Here is the code that I have written:
// ------------ class Neuron -------------
class Neuron { ... };
// ---------------------------------
// ------------ class AbstractLayer -------------
class AbstractLayer {
public:
class Iterator : public std::iterator<std::input_iterator_tag, Neuron> {
public:
Iterator(Neuron *neurons) : _neurons(neurons) {}
private:
Neuron *_neurons;
};
virtual Iterator begin() = 0;
virtual const Iterator begin2() = 0;
};
// ----------------------------------------
// ------------ class Layer -------------
class Layer : AbstractLayer {
public:
Layer(){};
Iterator begin(){ return Iterator(_neurons); }
const Iterator begin2(){ return (const Iterator)begin(); }
private:
Neuron *_neurons;
int _size;
};
// --------------------------------
// ------------ Method where the problem is -------------------
void method(const AbstractLayer &layer){
// Error in both methods:
// "the object has type qualifiers that are not compatible with the member function."
layer.begin();
layer.begin2();
}
// -------------------------------------------------------------
In the method function, layer references a constant object. That means you can only call functions marked as const. Like e.g.
class AbstractLayer {
public:
...
virtual const Iterator begin() const = 0; // <- Note use of `const` here
...
};
You do not need begin and begin2. What you need is two versions of begin - const and non-const. A const one would return const iterator. You also might want a cbegin (const only) which would always return const iterator.
In method, the layer argument is const which prevents you from calling non-const methods on it. If you take layer by non-const reference (void method(AbstractLayer &layer)), you will be able to call both methods.

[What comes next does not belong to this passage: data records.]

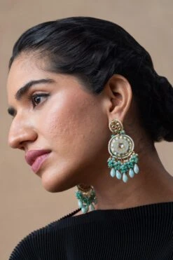 These stylish handcrafted silver stud earrings are plated in 24k gold & embellished with turquoise stones. This piece can be styled with a breezy summer dress or kaftan for an effortlessly chic look.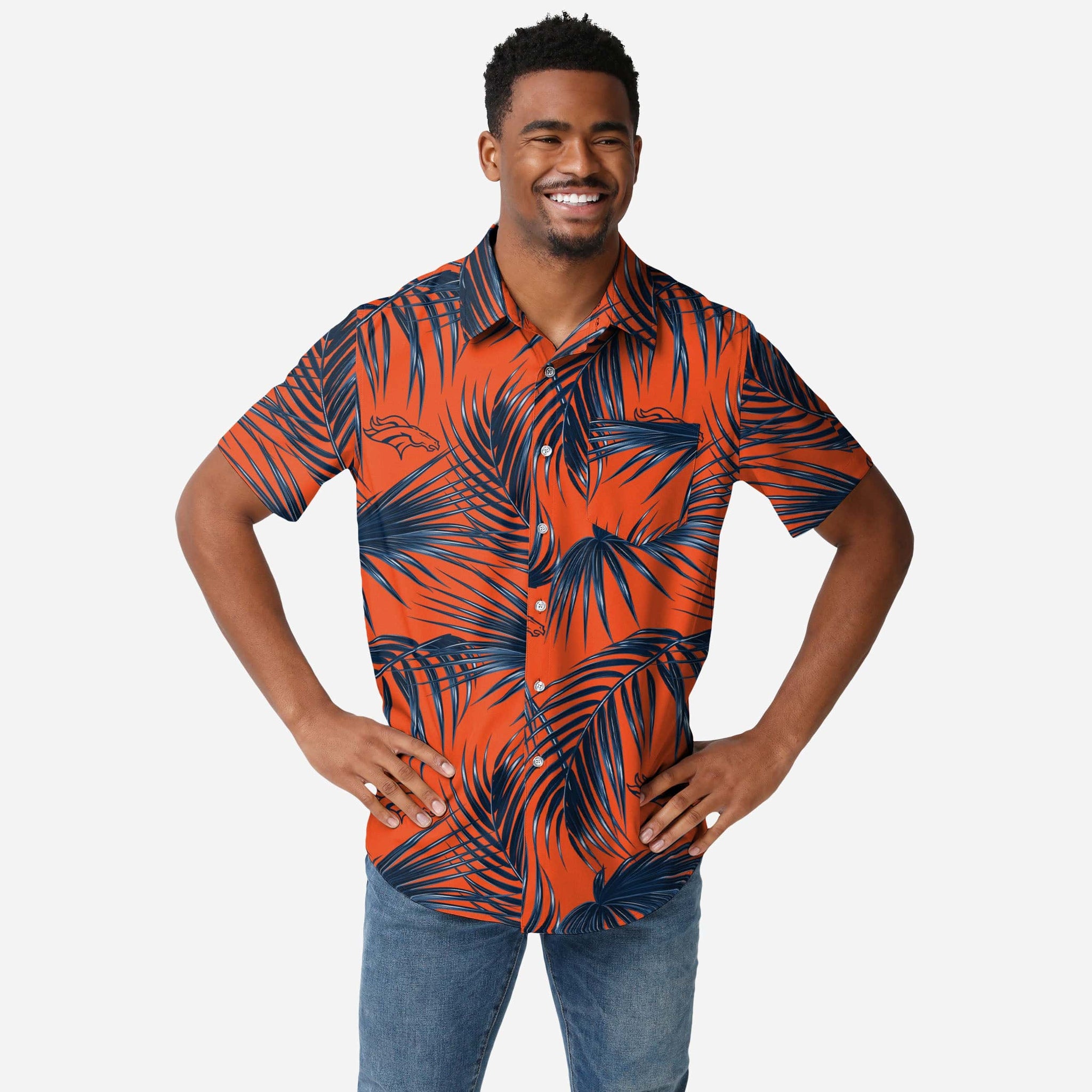 Say "Aloha" to your must-have fan fashion style. With this Denver Broncos Hawaiian Button Up Shirt, you'll be the freshest fan at any tailgate, pig roast, family reunion, or office holiday party.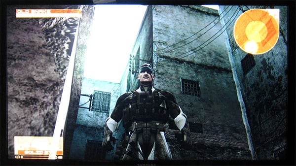 Leaning in the “product placement” category are some of the cutscenes with your assistant, Otacon. He sits at a desk with a suspended Apple Cinema Display floating in the air, and a Mac Pro under the desk—or at least two items that look a lot like them.
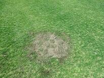 ホールカッター(ゴルフのホールをつくる道具)で芝を切り出すと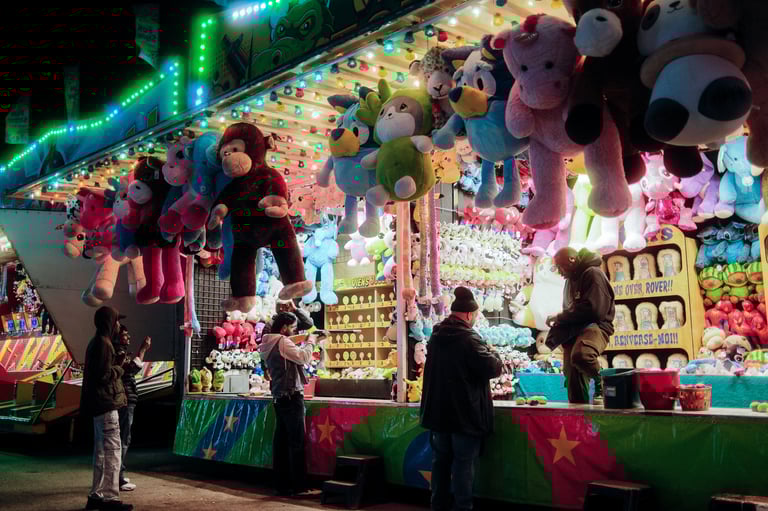 The rides lit up the night sky in every shade—green, red, yellow—and shadows fell across faces, food stalls, and game booths. From stuffed animals hanging overhead to the glowing lines of roller rides slicing the darkness, it was a playground for both kids and photographers.

You should probably provide a const begin method that returns a const_iterator so you can iterate over a const AbstractLayer.
Your function accepts a const AbstractLayer which means that only const member functions can be called on it. However, begin and begin2 are not const. In fact, given that only begin2 returns a const Iterator, it wouldn't make sense to try and call begin anyway in this method.
Change
virtual const Iterator begin2() = 0;
to
virtual const Iterator begin2() const = 0;
and
const Iterator begin2()
to
const Iterator begin2() const
Finally, returning a const Iterator is actually meaningless in your code, as the const is discarded on account of an rvalue being returned. Regardless, you shouldn't need to perform casting to const Iterator when you call begin; just return an Iterator and the compiler will take care to make it const.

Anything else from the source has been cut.